I’ve been asked similar questions many a time. What’s truly remarkable is that most kids and parents actually only mean well. They try too hard. Kids want their parents to be proud of them and vice-versa. So where is the mismatch? I hear it all the time that such-and-such person is a bad father or mother, they are irreligious, immoral etc. and yet their families are flourishing and their kids are doing great. Where’s the justice in that?
It’s the wrong way to look at life, in my view. Having personally met a few thousand parents and children in the last few years, however, I’m happy to share some thoughts based on my observations and diagnosis of life. Let me begin with a story from Stephen Hodge’s Zen Master Class.
Several of the monks at Dogen’s monastery had noticed a deer grazing nearby. They began to feed it scraps of food. After a while the deer became trusting and would eat out of their hands. Having taken to heart Dogen’s teachings about compassion and all, the monks were pleased with themselves. However, Dogen was less happy when he heard about the deer. When a suitable opportunity arose, he threw sticks and stones at the deer, which ran away frightened.

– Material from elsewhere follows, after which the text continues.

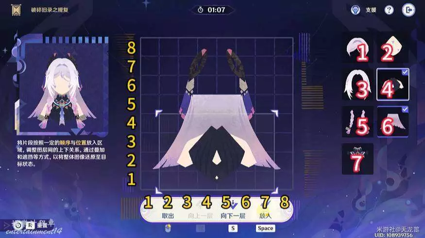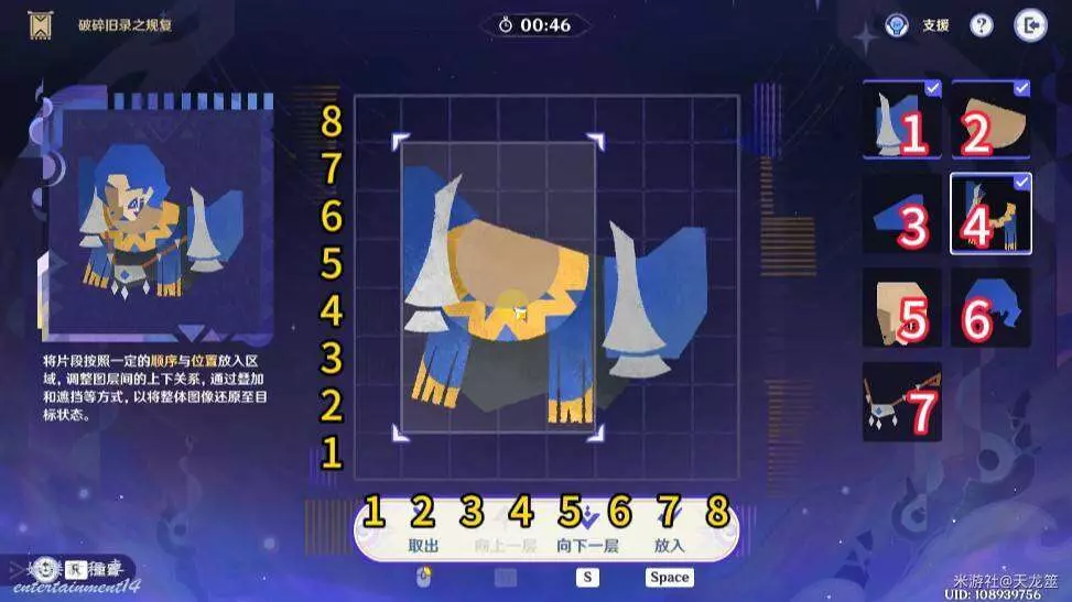 4、6號拼圖放在「5,4」的位置,下移兩層

The monks were scandalized by Dogen’s actions and confronted him demanding an explanation. “We were kindly feeding the deer, but you have cruelly thrown stones at it so it no longer visits.”
“So you think you were being compassionate, do you?” Dogen replied. “It is dangerous for a deer to become accustomed to people.”
The monks protested, “We would never do anything to hurt it. We were just feeding it.”
“No, you didn’t intend to hurt the deer, but what if the next person your tame deer met was a hunter?”